** Supplied data **
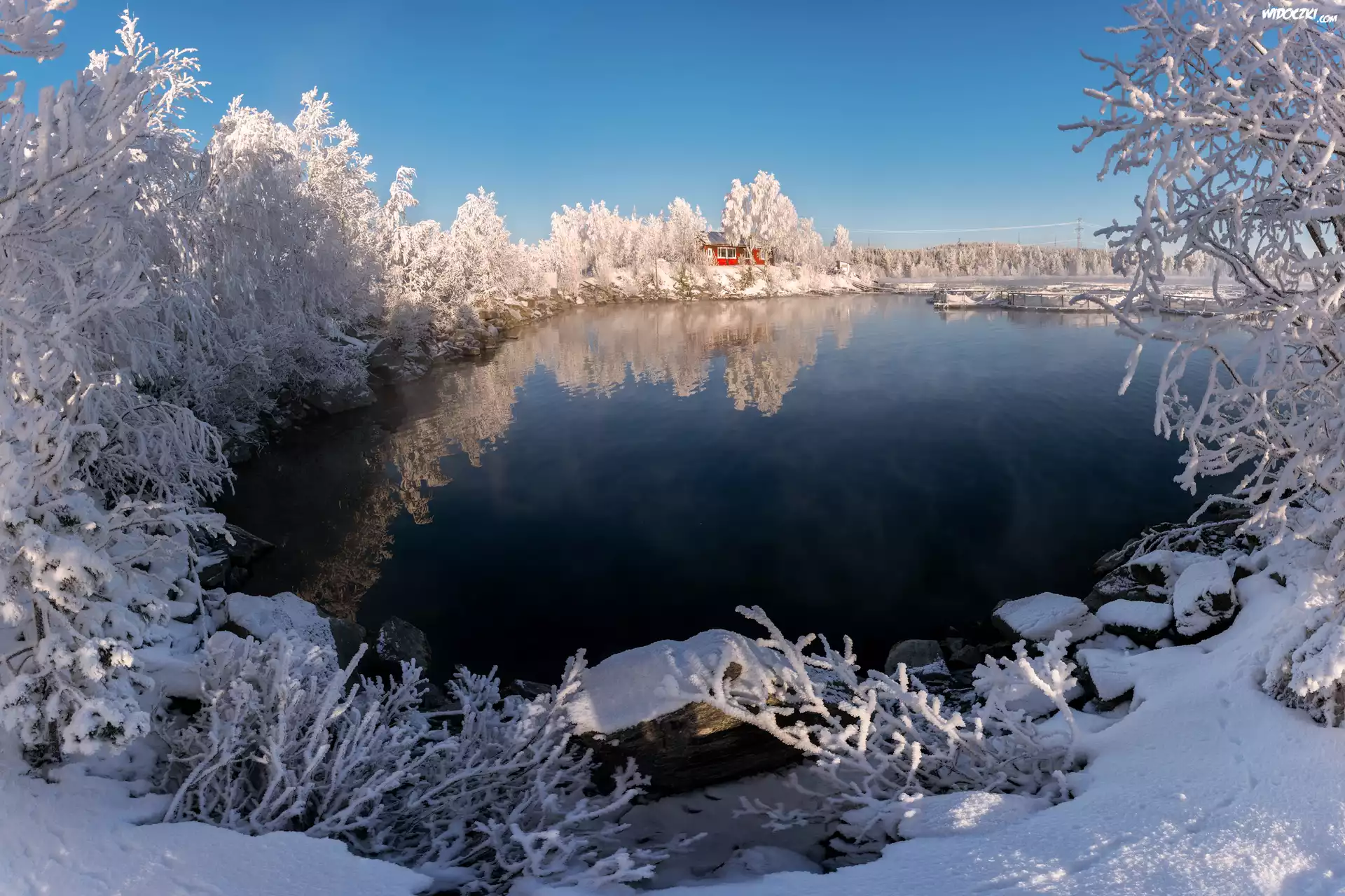 Zdjęcia, Zima, Jezioro, Dom, Zaśnieżone, Drzewa
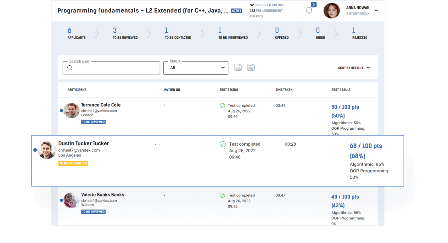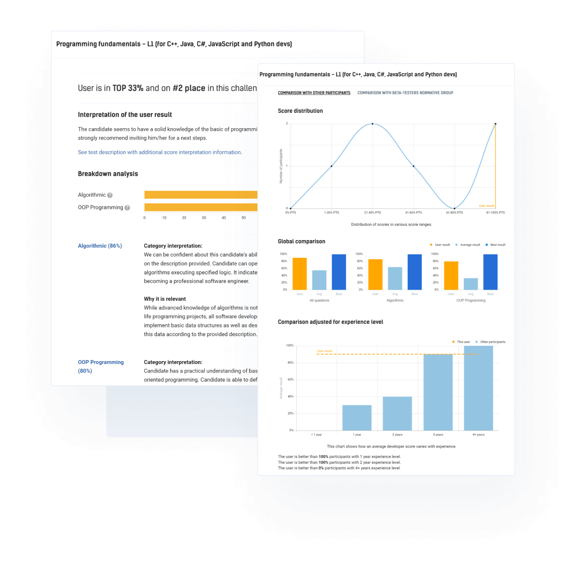 候補者のスキル分析が可能な、詳細なテストレポートを提供します
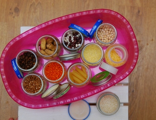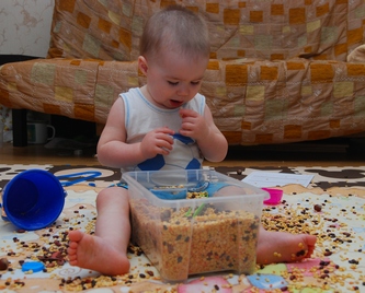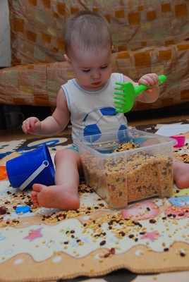 Гремелки. Насыпала в банки от пюрешек всевозможные крупы, крышки конечно туго закрутила. Еще болты-гайки хорошо греметь будут, вариантов куча, и банки пригодились. Не скажу, что деть прям в восторге был, первый раз раскидал просто, другие разы немножко посидел, погремел, поулыбался, раскидал, пособирал в мисочку... В общем, не зря.
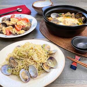 フライパンに酒とあさりを入れて中火で熱する。沸騰したら蓋をしてあさりの口が開くまで蒸し、開いたら汁ごと取り出す。
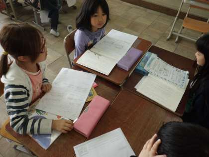 国語の「きつつきの商売」で,1場面と2場面の違いを読み取り,班で話し合いました。3年生になって初めての班での話し合い。進め方のヒントカードを使って話し合いを進めました。慣れないことで戸惑っている様子もありましたが,一生懸命な姿が素敵でした。何度もやっていくうちにだんだんと上手にできるようになると思いますよ!
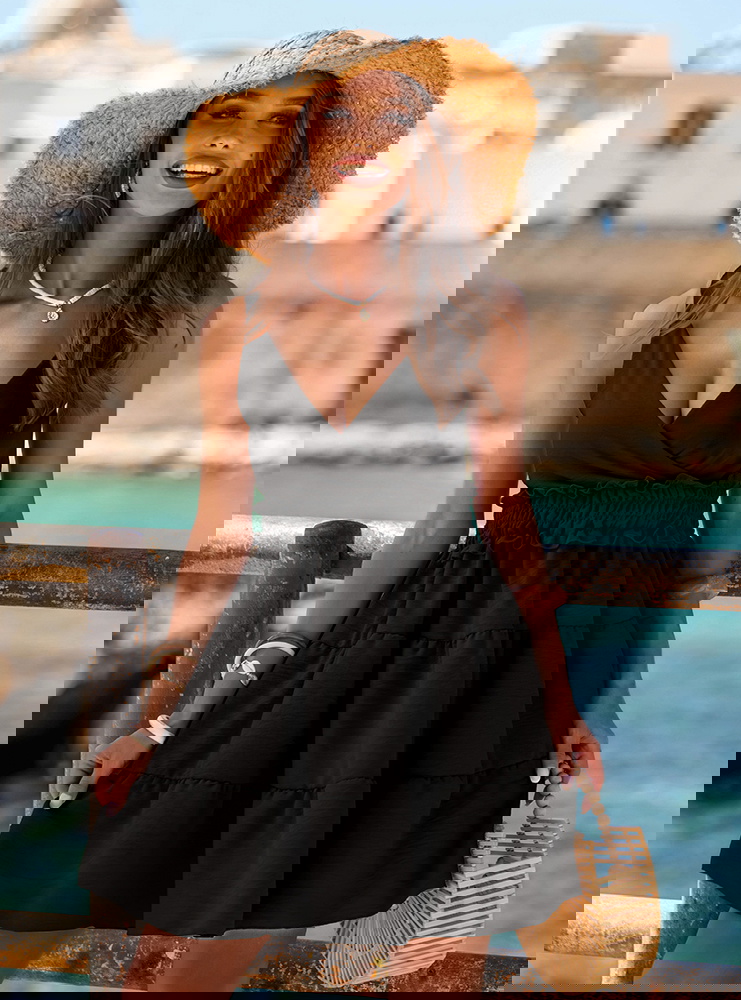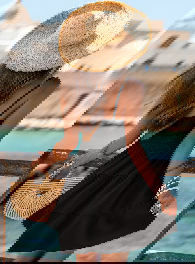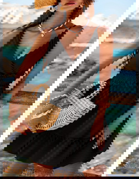 Czarna rozkloszowana sukienka na ramiączkach Jauste to idealna propozycja na letni wyjazd, weekendowy wypad za miasto lub spacer po plaży. Świetnie sprawdzi się także na rodzinnych przyjęciach, niezobowiązujących spotkaniach czy wyjściach z przyjaciółmi. Jej uniwersalność pozwala wystylizować ją zarówno na dzień, jak i na wieczór – wystarczy zmienić dodatki. Założysz ją z powodzeniem do sandałków, espadryli czy klapek. To sukienka, która daje Ci pełną swobodę i luz, zachowując przy tym klasę.
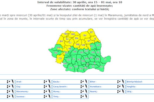 Meteorologii avertizează că în noaptea de marţi spre miercuri (30 aprilie/01 mai) şi la începutul zilei de miercuri (1 mai) în Maramureş, jumătatea de nord a Moldovei, Transilvaniei şi Crişanei şi local în zona de munte, în intervale scurte de timp sau prin acumulare, se vor înregistra cantităţi de apă ce vor depăşi 25 l/mp şi izolat 40-50 l/mp.
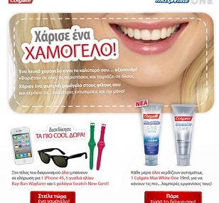 Η σελίδα Colgate Greece διοργανώνει διαγωνισμό και δίνει τη δυνατότητα σε 1 νικητή να κερδίσει ένα i-phone 4S, σε 5 νικητές να κερδίσουν από ένα ζευγάρι γυαλιών ηλίου Ray-ban Wayfarer και σε 5 ακόμα να κερδίσουν από ένα ρολόι χειρός Swatch New Gent.
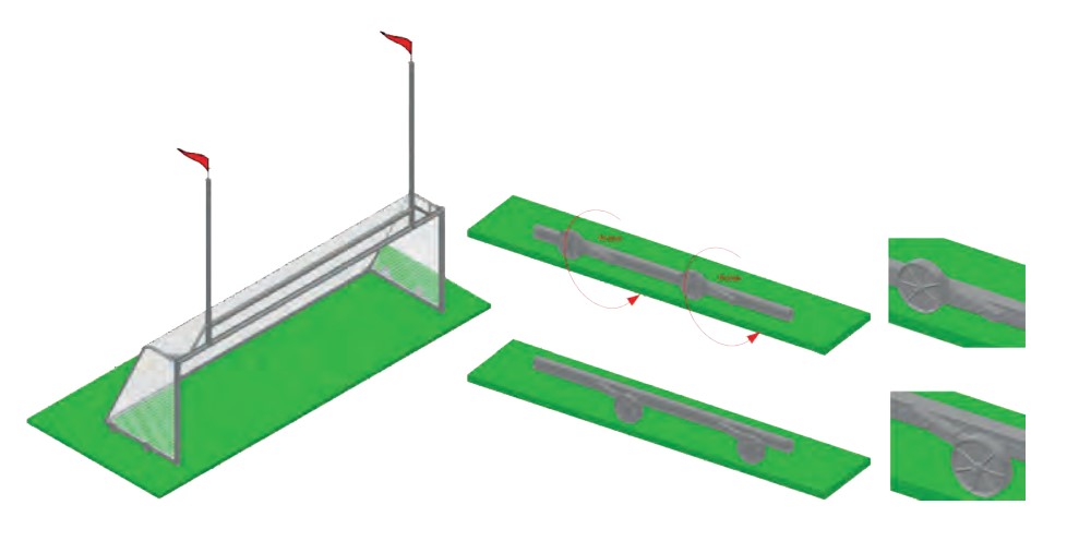 The practice soccer goal with rugby is made from special aluminium profiles. The inside dimension of this goal are 7.32×2.44 m. The front frame of the goal is made from oval 120x100x2.5 mm profile. The bottom frame is made from a rectangular hollow 80x60x3 mm. The top projection of the goal is 0.8 m. The lower projection measures 2.0 m. It is equipped with the INTERLOCK net hook system, which ensures that the nets hangs perfectly. The total height of the rugby goal post is 6.50 m. The goal is equipped with transport wheels.
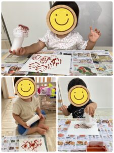 ビリビリ破き、細かくした広告をお布団にしたり、ビリ!ビリ!と言いながらケタケタ笑っていたり、細く丸め頭に被り『へい!らっしゃい』とごっこ遊びをして遊びました。
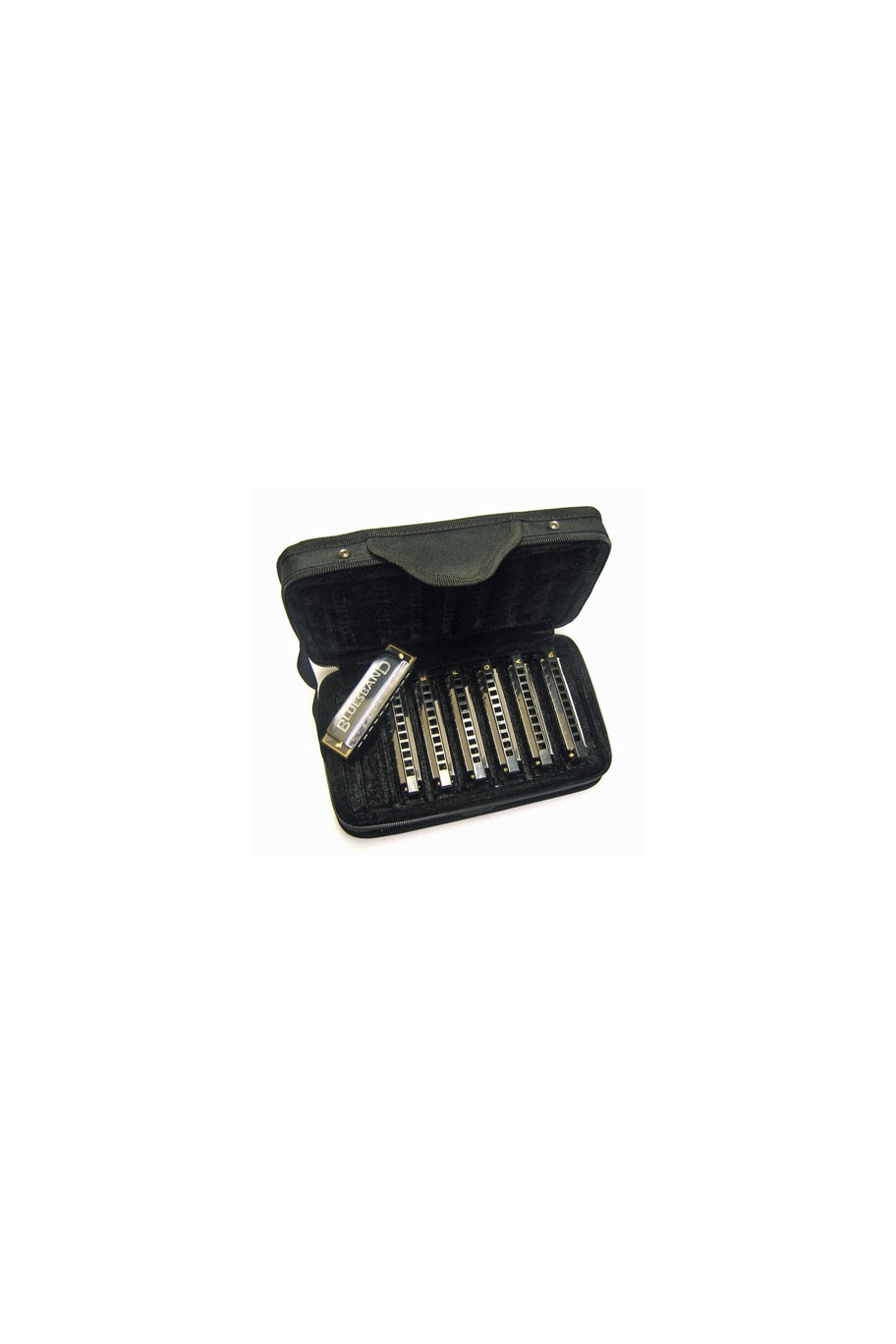 Kit di 7 armoniche diatoniche Blues Band con borsa rigida con maniglia per il trasporto.
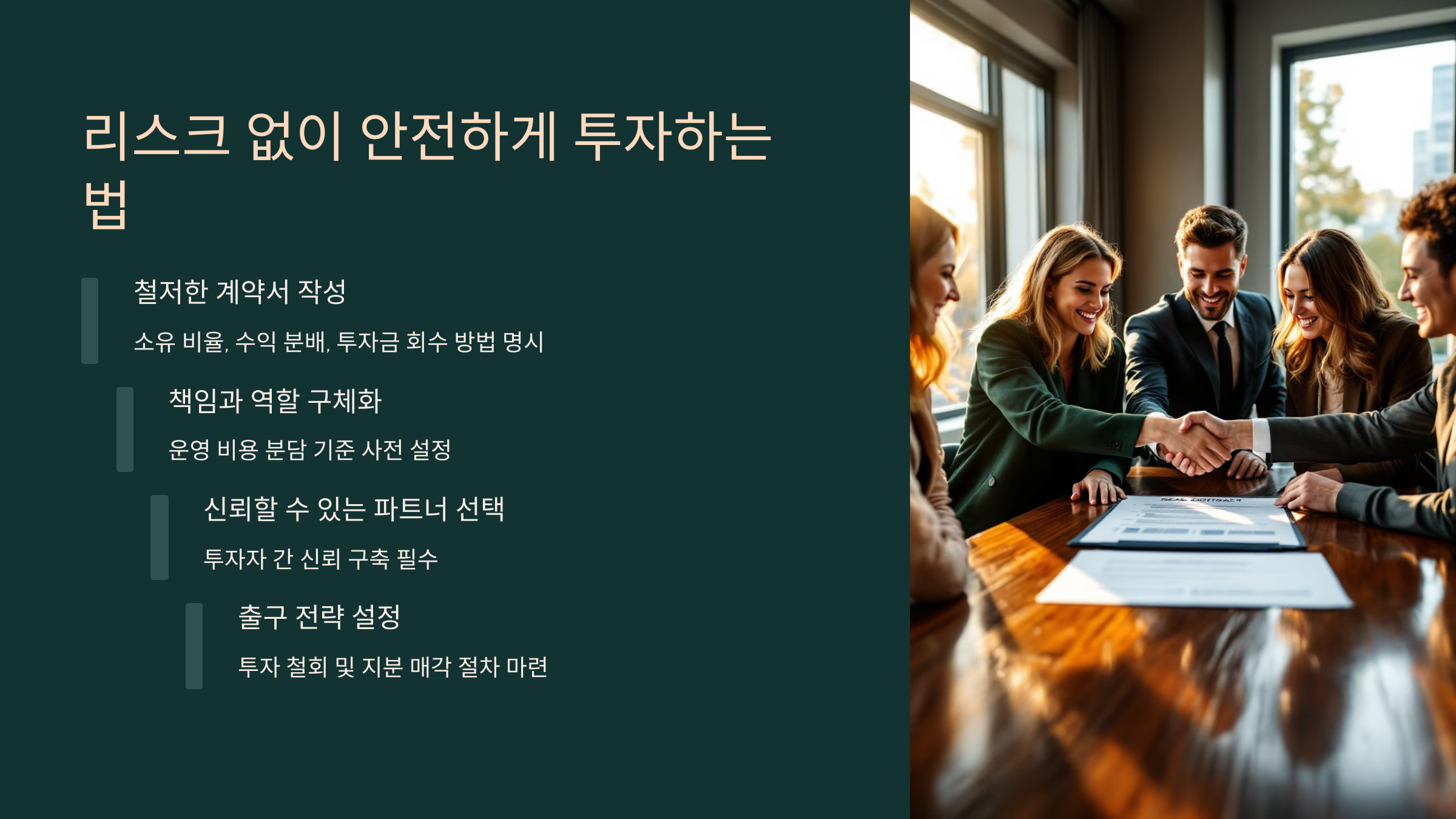 | 계약서 작성 | 투자 금액, 수익 배분, 매각 조건 등을 명확하게 기재 |
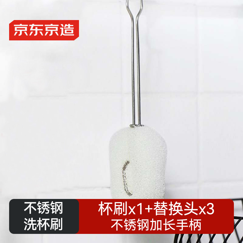 京东京造 洗杯刷 长柄奶瓶刷杯刷玻璃杯保温杯清洁刷 杯刷*1+替换头*3
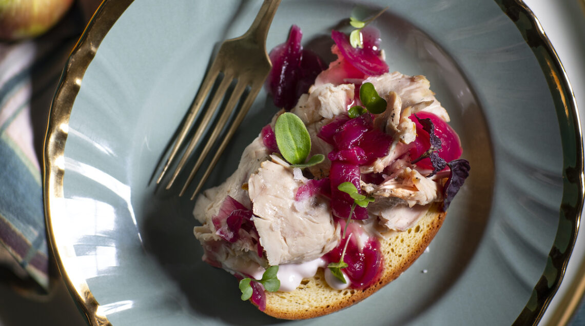5 Tagliate il pan brioche a fette e tostatele leggermente in forno. Affettate il tacchino. Spalmate il pane con la crema di cipolla, distribuitevi la carne e le cipolle caramellate tenute da parte, condite con qualche goccia d’olio, decorate con i germogli e servite.
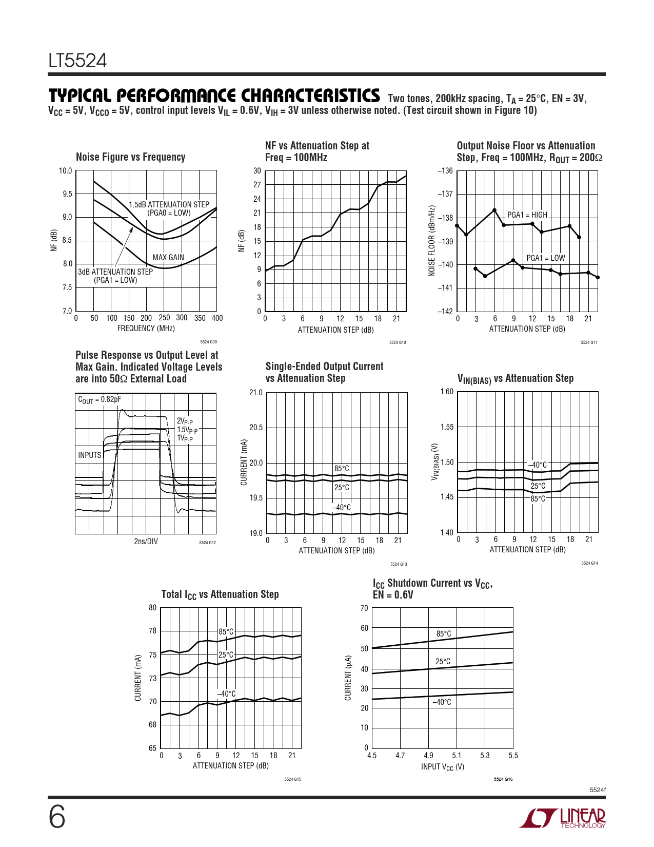 Ω 10.0 30 –136 27 9.5 –137 24 1.5dB ATTENUATION STEP (PGA0 = LOW) 21 9.0 –138 PGA1 = HIGH 18 8.5 15 –139 NF (dB) NF (dB) MAX GAIN 12 PGA1 = LOW 8.0 –140 3dB ATTENUATION STEP 9 NOISE FLOOR (dBm/Hz) (PGA1 = LOW) 6 7.5 –141 3 7.0 0 –142 0 50 100 150 200 250 300 350 400 0 3 6 9 12 15 18 21 0 3 6 9 12 15 18 21 FREQUENCY (MHz) ATTENUATION STEP (dB) ATTENUATION STEP (dB) 5524 G09 5524 G10 5524 G11
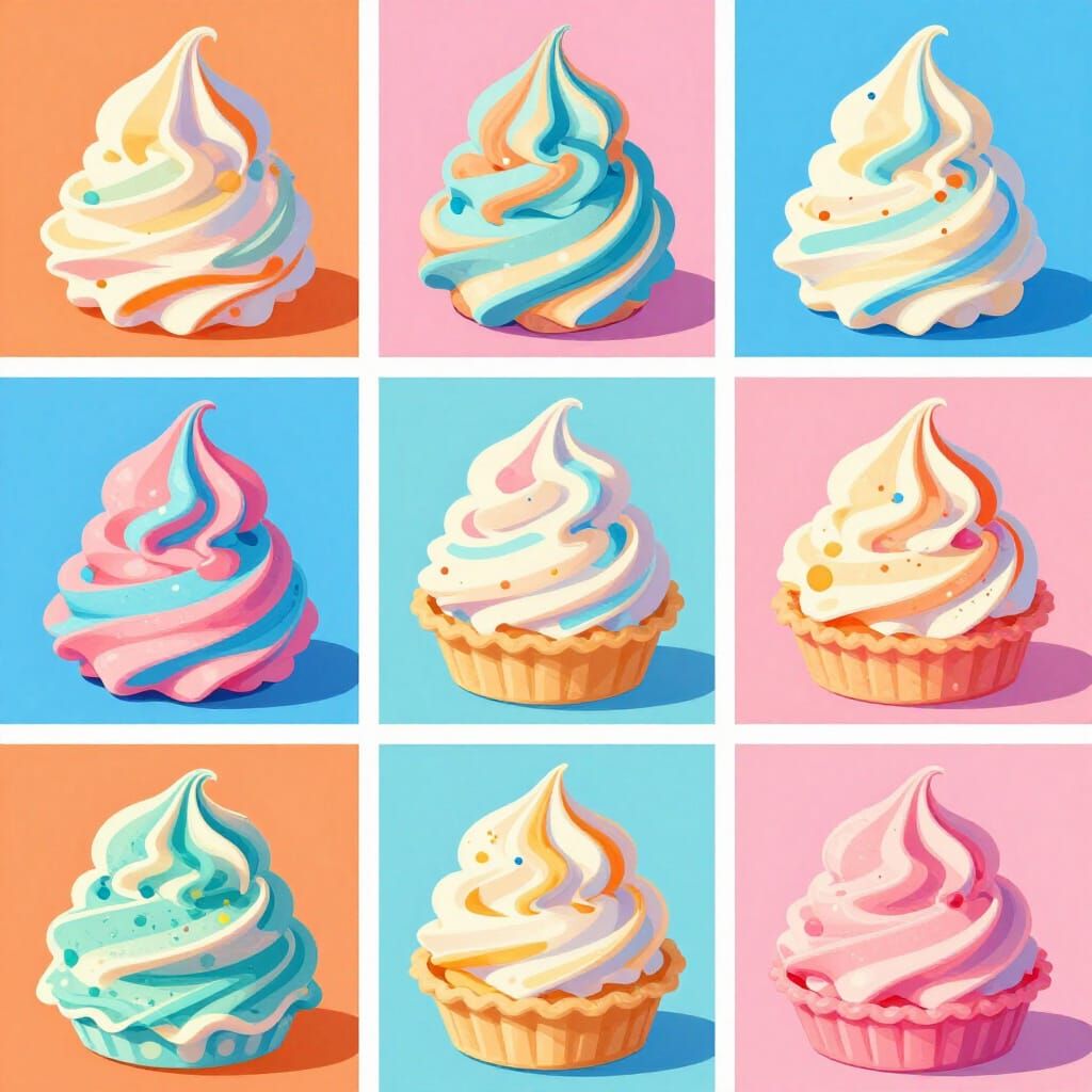 This image features a playful, energetic collage of rainbow sherbet swirls and scoops, showcasing glossy candy and whipped cream textures. It uses a complementary color palette with clean lines and balanced composition.

** Task requirements **
The line containing "京东京造 洗杯刷 长柄奶瓶刷杯刷玻璃杯保温杯清洁刷 杯刷*1+替换头*3" and every line after it, through the end of the data, are to be output exactly. Omit the pictures.

** The completed task **
 京东京造 洗杯刷 长柄奶瓶刷杯刷玻璃杯保温杯清洁刷 杯刷*1+替换头*3
5 Tagliate il pan brioche a fette e tostatele leggermente in forno. Affettate il tacchino. Spalmate il pane con la crema di cipolla, distribuitevi la carne e le cipolle caramellate tenute da parte, condite con qualche goccia d’olio, decorate con i germogli e servite.
 Ω 10.0 30 –136 27 9.5 –137 24 1.5dB ATTENUATION STEP (PGA0 = LOW) 21 9.0 –138 PGA1 = HIGH 18 8.5 15 –139 NF (dB) NF (dB) MAX GAIN 12 PGA1 = LOW 8.0 –140 3dB ATTENUATION STEP 9 NOISE FLOOR (dBm/Hz) (PGA1 = LOW) 6 7.5 –141 3 7.0 0 –142 0 50 100 150 200 250 300 350 400 0 3 6 9 12 15 18 21 0 3 6 9 12 15 18 21 FREQUENCY (MHz) ATTENUATION STEP (dB) ATTENUATION STEP (dB) 5524 G09 5524 G10 5524 G11
 This image features a playful, energetic collage of rainbow sherbet swirls and scoops, showcasing glossy candy and whipped cream textures. It uses a complementary color palette with clean lines and balanced composition.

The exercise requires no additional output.